= Data entries =
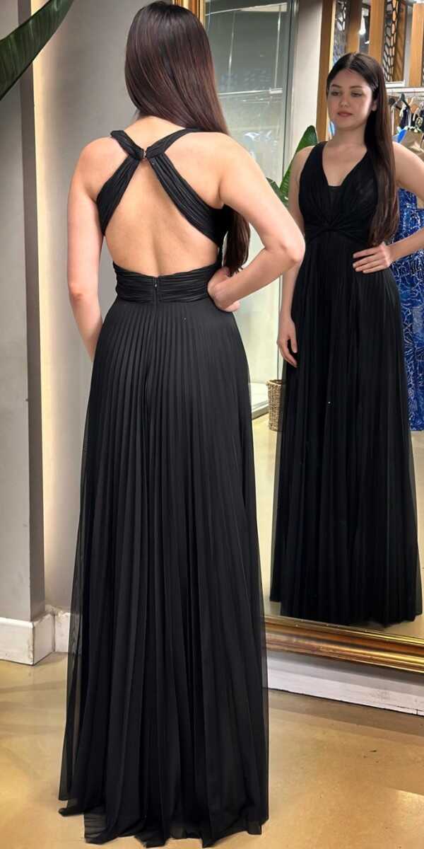 Black Color Flared Skirt, Long Evening Dress, Has Been Produced From Fabric. Stylish Low-Cut Back Dress Will Look Great On You.
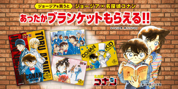 ジョージアと名探偵コナンのコラボキャンペーンが始まります!イオン等スーパー、量販店などの対象店舗で対象商品を購入するとブランケット(全4種)がもらえます♪数量限定、なくなり次第終了なのでお店へ急げ!
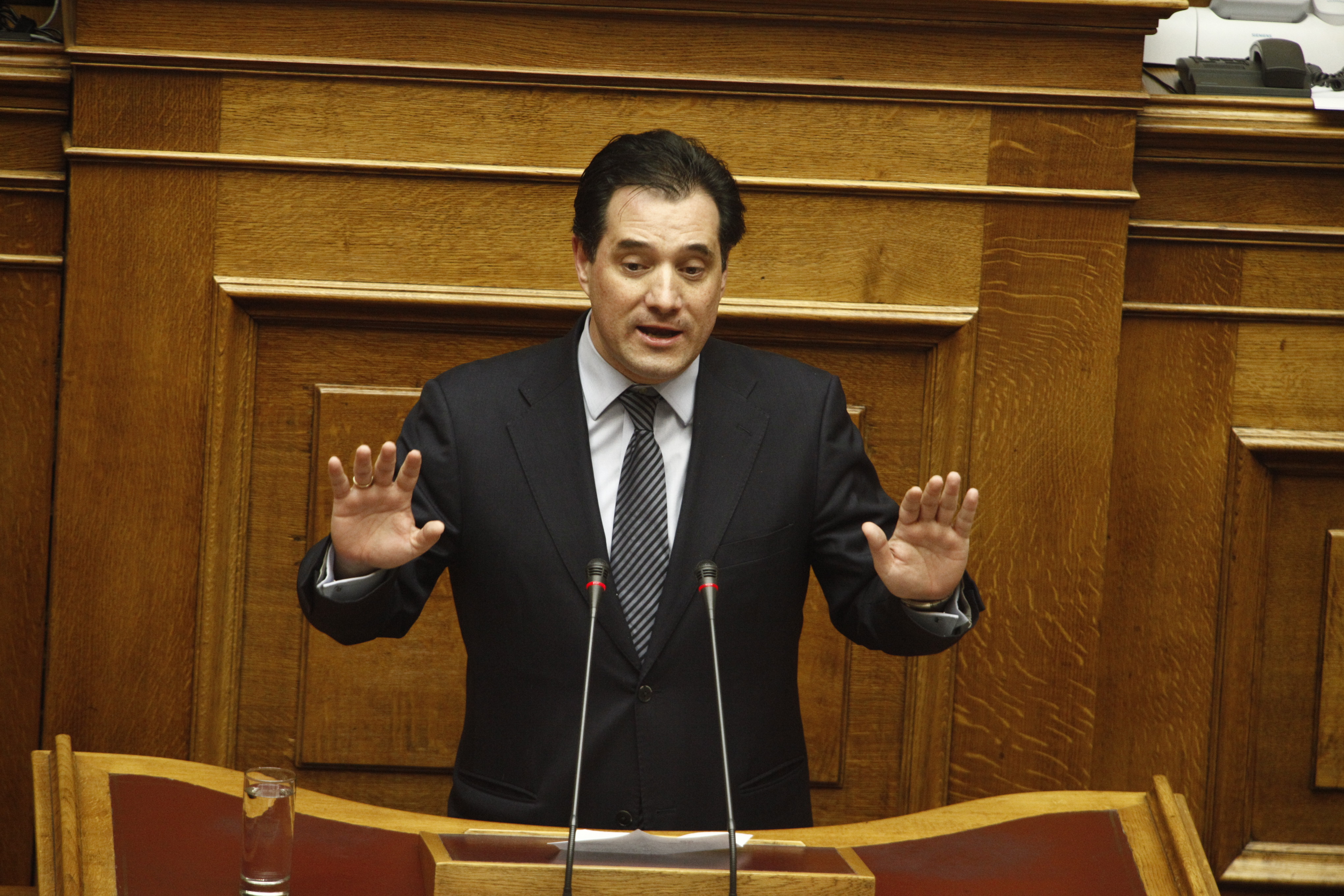 Η επίθεση του κοινοβουλευτικού εκπροσώπου της ΝΔ Άδ. Γεωργιάδη κατά του υπουργού Οικονομικών Ι. Βαρουφάκη, προκάλεσε την αντίδρασή του λίγο πριν την λήξη της συζήτησης επί του νομοσχεδίου για τις 100 δόσεις. Ο κ. Γεωργιάδη άσκησε κριτική στον επικεφαλής του οικονομικού επιτελείου της κυβέρνησης σχετικά με την καταγγελία του ότι δεν βρήκε αντίγραφο του ελληνικού αιτήματος για την δίμηνη παράταση του μνημονίου καθώς και αντίγραφα των δανειακών συμβάσεων και ότι αυτά θα μπορούσε να τα βρει στο διαδίκτυο. «Είναι στην ντουλάπα σας αλλά μάλλον δεν ξέρετε να την ανοίγετε» του είπε ο κ. Γεωργιάδης ενώ πρόσθεσε: «Λέτε ότι πετύχατε διαχωρισμό δανειακής σύμβασης και μνημονίου. Όλοι οι άλλοι στα ευρωπαϊκά κοινοβούλια όμως μιλούν για παράταση του μνημονίου και της τρόικας. Ακόμα και ο Ντάισεμπλουμ γελά όταν του αναφέρουν για το τέλος της τρόικα. Σας αρέσουν να σας κοροϊδεύουν; Όλοι το λένε τρόικα και μνημόνιο». Ενώ τον κατηγόρησε που δεν έφερε την συμφωνία προς συζήτηση στην Βουλή.
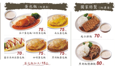 義大利麵 / 燴飯 / 蛋包飯 / 火鍋 / 鐵板麵 / 起士排飯 / 燻雞飯
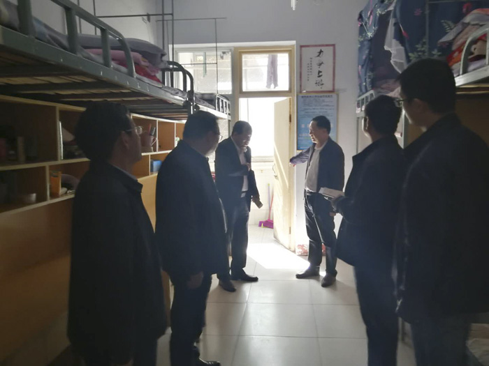本网讯(文/宣传部 杨金运)为进一步抓好学校文明创建工作,2018年10月30日上午,校长方家选同志带队,党委副书记逵应坤、副校长郭万周和相关部门的领导深入到学生食堂、学生宿舍、校内环境建设等对学校文明创建活动开展情况再次进行了实地查看,召开了现场办公会。方校长针对存在的问题,提出了指导性意见,并要求相关部门负责同志严格对照文明创建标准,抓好整改落实,确保校园文明、和谐、美丽。(编审/王永科 摄影/宣传部)
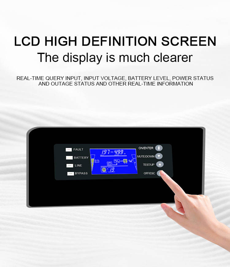 Onduleur monophasé en ligne 3kVA 2400W à haute efficacité, zéro temps de transfert, avec batterie au plomb-acide 72V intégrée, onde sinusoïdale pure
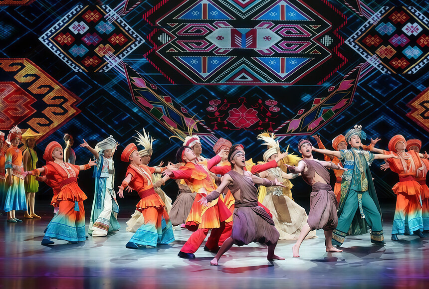 恩施大劇院,《西蘭卡普》舞臺(tái)劇帶來(lái)了令人驚嘆的舞臺(tái)效果。全包裹影像覆蓋舞臺(tái),結(jié)合土家族傳統(tǒng)建筑元素構(gòu)建的吊腳樓群,配合立體投影和新媒體技術(shù),打造出民族特色與現(xiàn)代感兼具的空間。演出中,三層吊裝冰屏、背景可開(kāi)合 LED 大屏以及超高升降平臺(tái)聯(lián)動(dòng),影像與真實(shí)舞臺(tái)相互疊加。如第四篇章,裝置和光影特效烘托出西蘭月中之舞的視覺(jué)奇觀,精心設(shè)計(jì)的兩層舞臺(tái)空間交織,帶來(lái)極致視覺(jué)張力,讓觀眾仿若置身于土家的傳奇故事中,感受其獨(dú)特魅力 。
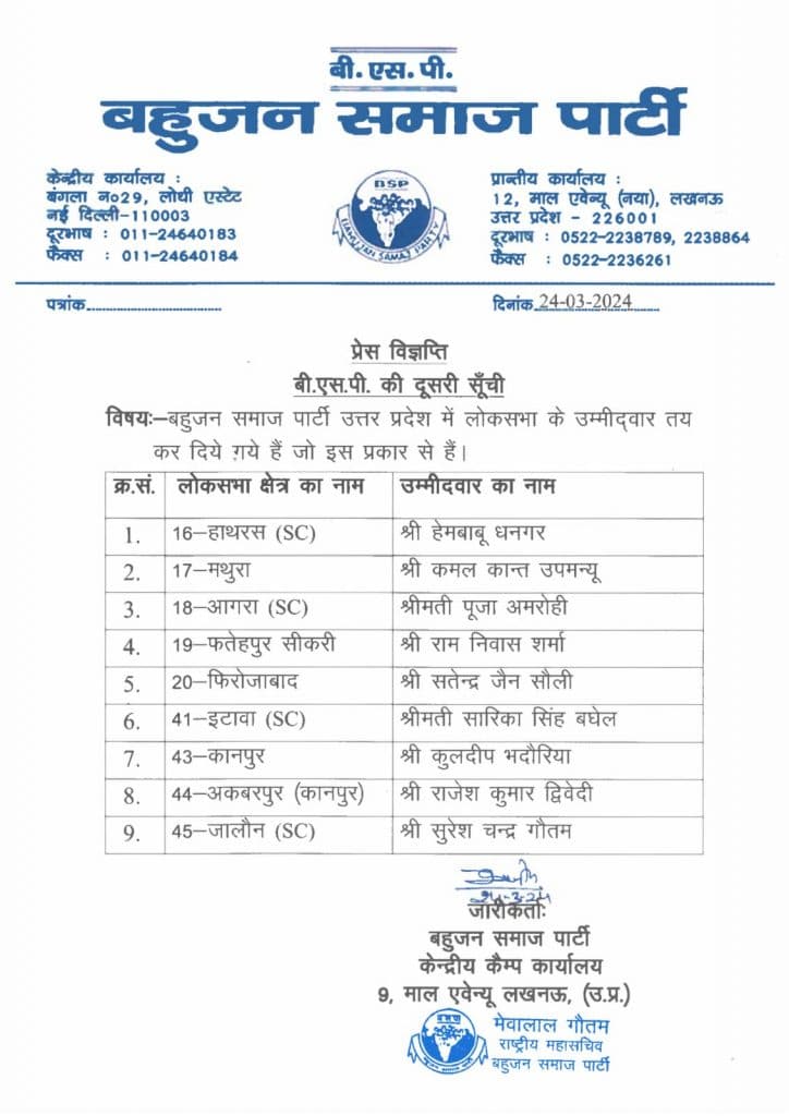 Lok Sabha Election 2024: BSP ने 9 उम्मीदवारों की दूसरी सूची जारी की, कानपुर से कुलदीप भदौरिया को टिकट
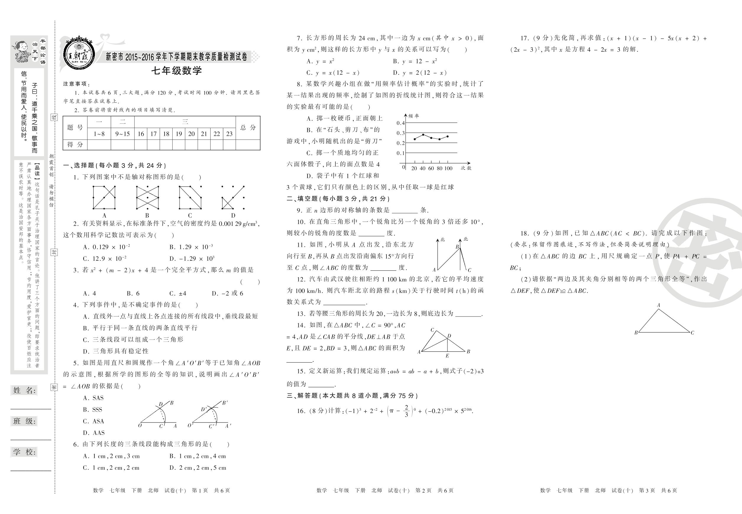 2015-2016学年第二学期新密市七年级数学试卷(北师版)【10】
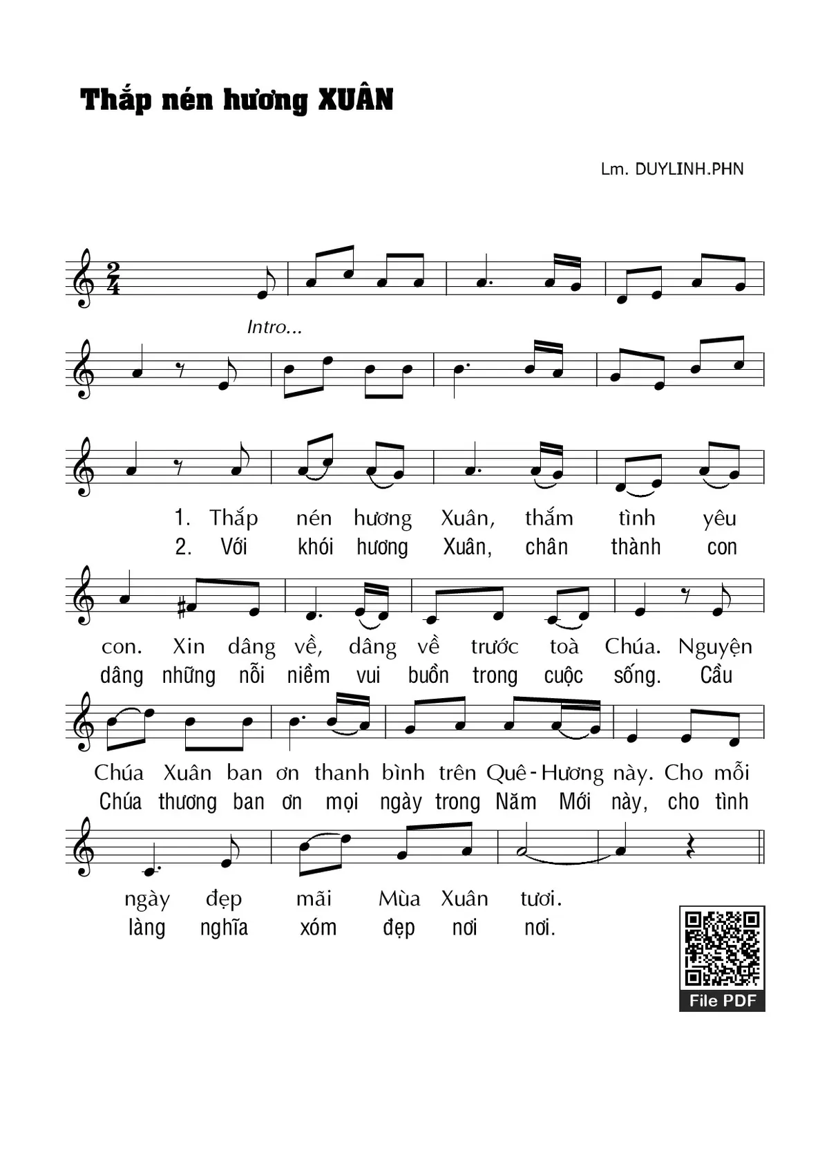 Page 1 of Sheet music PDF Thắp nén hương xuân - Duy Linh PHN
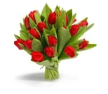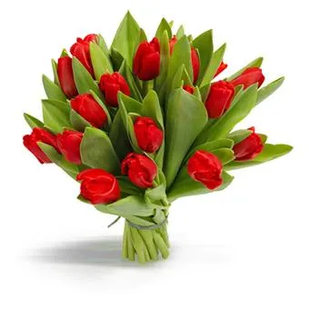 Skapa en stämningsfull julkänsla med denna vackra och enkla bukett närodlade vackra röda tulpaner.
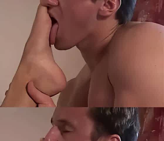 He can't resist licking, smooching, and smelling my sexy soles, making him explode with pleasure!
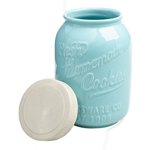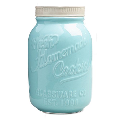 - INCLUSIONS:Includes (1) Ceramic Mason Jar Cookie Jar with tight Lid in color Blue
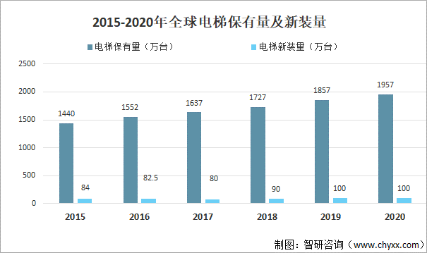 垂直升降電梯具有一個(gè)轎廂,運(yùn)行在至少兩列垂直的或傾斜角小于15°的剛性導(dǎo)軌之間。轎廂尺寸與結(jié)構(gòu)形式便于乘客出入或裝卸貨物。2020年全球電梯保有量約為1957萬(wàn)臺(tái),同比增長(zhǎng)5.4%;全球電梯新裝量為100萬(wàn)臺(tái)。
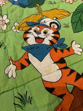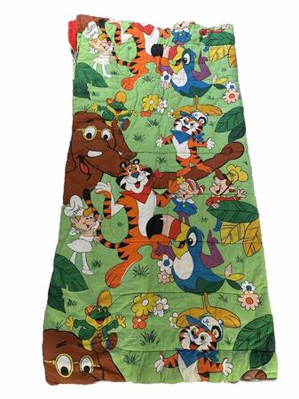 Vintage 1970's Kellogg's Brands Sleeping Bag. Made of a cotton/synthetic blend. Features the Kellogg's cereal brands and their mascots: Tony the Tiger, Snap, Crackle and Pop and Toucan Sam. I have...
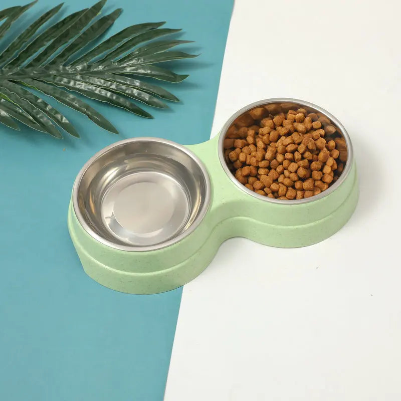 Stainless Steel Double Pet Bowl Wheat Straw Base Dog Cats Feeder Cat Puppy Feeding Food Water Container Dispenser Pet Supplies
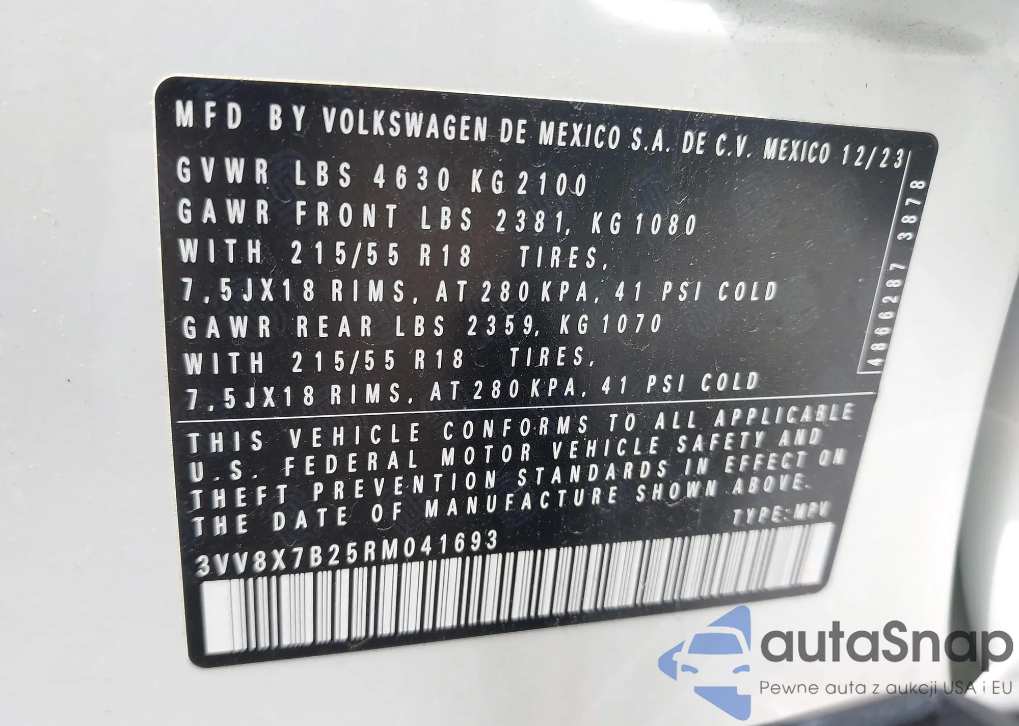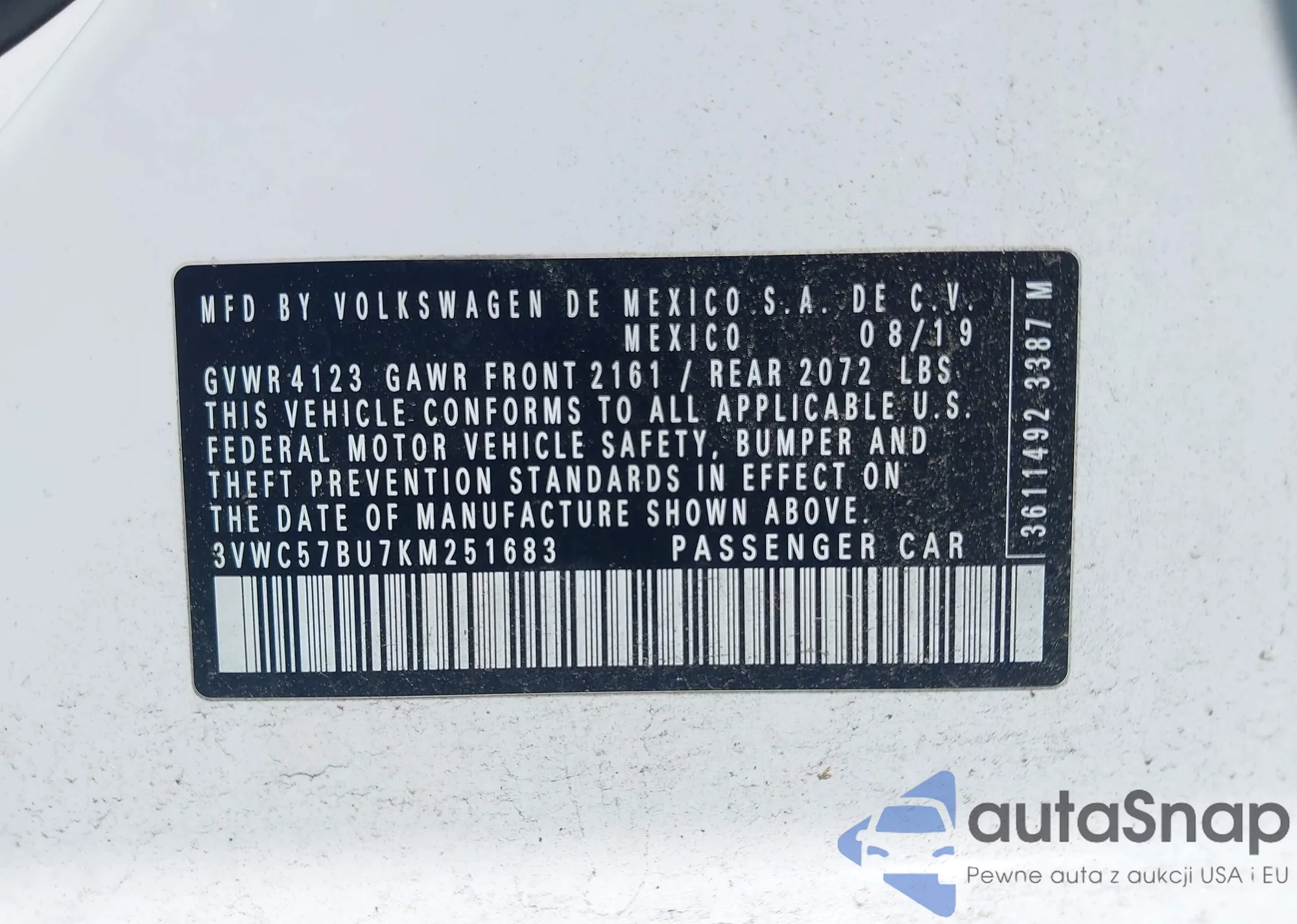 • VIN 3VWC57BU7KM251683

= Problem =
Write out again, exactly, each line from the one containing "- INCLUSIONS:Includes (1)" through the last line of the entries, and omit every picture.

= Output for this exercise =
 - INCLUSIONS:Includes (1) Ceramic Mason Jar Cookie Jar with tight Lid in color Blue
 垂直升降電梯具有一個(gè)轎廂,運(yùn)行在至少兩列垂直的或傾斜角小于15°的剛性導(dǎo)軌之間。轎廂尺寸與結(jié)構(gòu)形式便于乘客出入或裝卸貨物。2020年全球電梯保有量約為1957萬(wàn)臺(tái),同比增長(zhǎng)5.4%;全球電梯新裝量為100萬(wàn)臺(tái)。
 Vintage 1970's Kellogg's Brands Sleeping Bag. Made of a cotton/synthetic blend. Features the Kellogg's cereal brands and their mascots: Tony the Tiger, Snap, Crackle and Pop and Toucan Sam. I have...
 Stainless Steel Double Pet Bowl Wheat Straw Base Dog Cats Feeder Cat Puppy Feeding Food Water Container Dispenser Pet Supplies
 • VIN 3VWC57BU7KM251683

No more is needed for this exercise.